This paper presents methods and results for projecting a high frequency fringe pattern using a fiber optic imaging bundle (FOIB) with a small number of individual fibers by adapting the pattern to the FOIB structure. To do so, in a first step, the spatial structure of the FOIB regarding the projector pixel is identified. At this point the FOIB shows a sufficiently homogeneous structure for adapting the fringes. However, the brightness of different fibers varies. As a consequence, their intensity has to be adapted additionally. After determining the individual fibers center, it is possible to address them directly by the desired pixel structures. In this work, one single and five cross-shaped projector pixels were utilized. As it turns out, the peak values of the spots produced by individual fibers behave nonlinearly as a function of the modulated intensity, which impedes the intensity adaption. However, the total transmitted intensity increases almost linearly. Therefore, it is the shape and intensity distribution within the spot which changes. It was shown that the peak intensities of the spots can be corrected by recording intensity curves. Concerning the projecting pixel area, no difference was found except for a higher light output using more projector pixels.
After determining the layers in the identified hexagonal structure of the FOIB, the desired fringe patterns are generated by specifying the frequency and phase. Applying the aforementioned intensity adaption, the peak values of each projected spot is almost equalized. By computing the amplitude and the signal-to-noise ratio over a wide frequency range, improvements in the patterns quality are verified, particularly at high frequencies. Nevertheless, the amplitude and SNR curves indicate that, for practical application, precise projector blurring could bring further improvements.
Future work will mainly focus on two topics. First, it is now possible to combine the findings of this work with fringe projection profilometry algorithms, to work out the practical application and evaluation for real defects. Secondly, the further characterization of the transmission behavior of the individual fibers can be performed.

Author Contributions

Conceptualization, J.D.; methodology, J.D.; software, J.D.; validation, J.D.; formal analysis, J.D.; investigation, J.D.; resources, M.K. and E.R.; data curation, J.D.; writing—original draft preparation, J.D.; writing—review and editing, J.D., M.K. and E.R.; visualization, J.D.; supervision, M.K. and E.R.; project administration, M.K.; funding acquisition, M.K. and E.R. All authors have read and agreed to the published version of the manuscript.

Funding

This research received no external funding.
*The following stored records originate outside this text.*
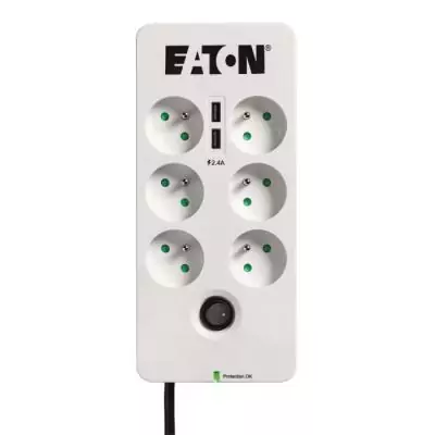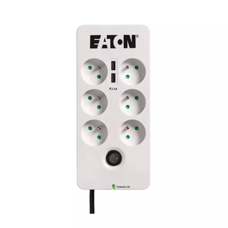 Multiprise/Parafoudre - EATON Protection Box 6 Tel USB FR - PB6TUF - 6 prises FR + 1 prise tel/RJ + 2 ports USB - Blanc & Noir
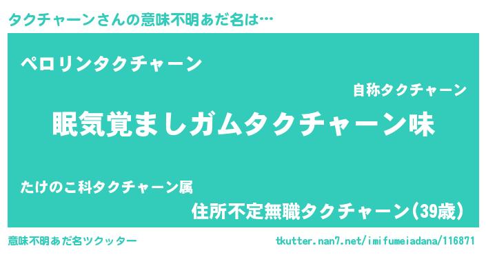 | ヒーロー風カッコイイあだ名 | 『慈愛の使者タクチャーン』 |
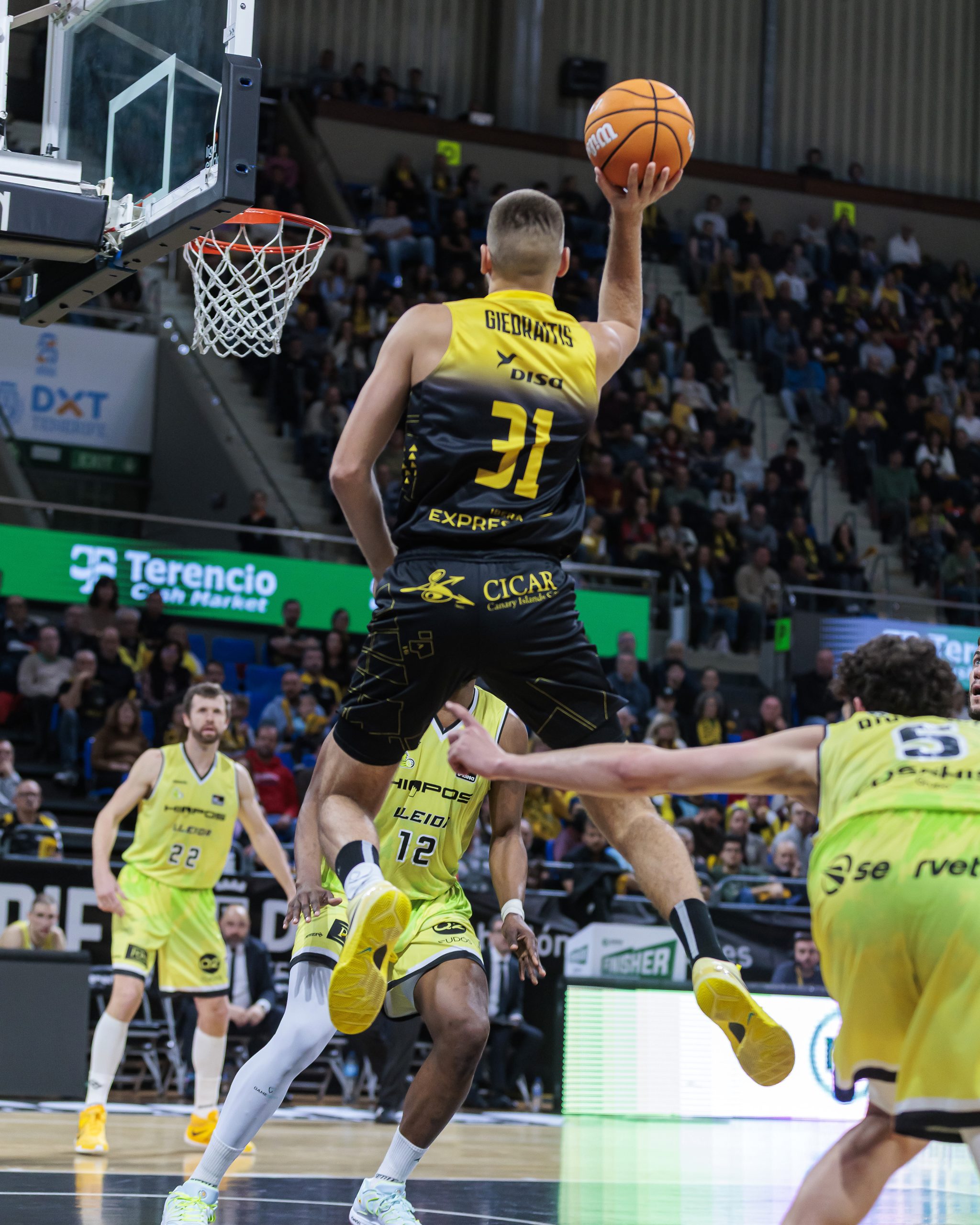 Reaccionó entonces el Lleida con un parcial de 0-8 (31-27), pero el pertinente tiempo muerto de Txus, el control del rebote y el paso al frente de todo el bloque en defensa, incluidos un par de tapones y un robo de un Gio omnipresente (12+5 al intermedio) permitían a los aurinegros estirar de nuevo su renta para irse diez arriba a la pausa (49-39).

Institutional Review Board Statement

Not applicable.

Informed Consent Statement

Not applicable.

Data Availability Statement

Dataset available on request from the authors.

Conflicts of Interest

The authors declare no conflicts of interest.

Abbreviations

The following abbreviations are used in this manuscript:
FOIBFiber Optic Imaging Bundle
DMDDigital Micromirror Device
LEDLight-Emitting Diode
COGCenter of Gravity
SNRSignal-to-Noise Ratio
MTFModulation Transfer Function
ROIRegion of Interest
SOSSecond-Order Section

Appendix A

Figure A1. Arrangement of camera (left side) and projection optics (right side), which focuses on the image of the FOIB on a screen. The distance between the optical axes of the camera and projector is 6 mm, and the angle between them is 25°. To obtain a better idea of the overall size, a EUR 1 coin was placed on the sensor.
Figure A1. Arrangement of camera (left side) and projection optics (right side), which focuses on the image of the FOIB on a screen. The distance between the optical axes of the camera and projector is 6 mm, and the angle between them is 25°. To obtain a better idea of the overall size, a EUR 1 coin was placed on the sensor.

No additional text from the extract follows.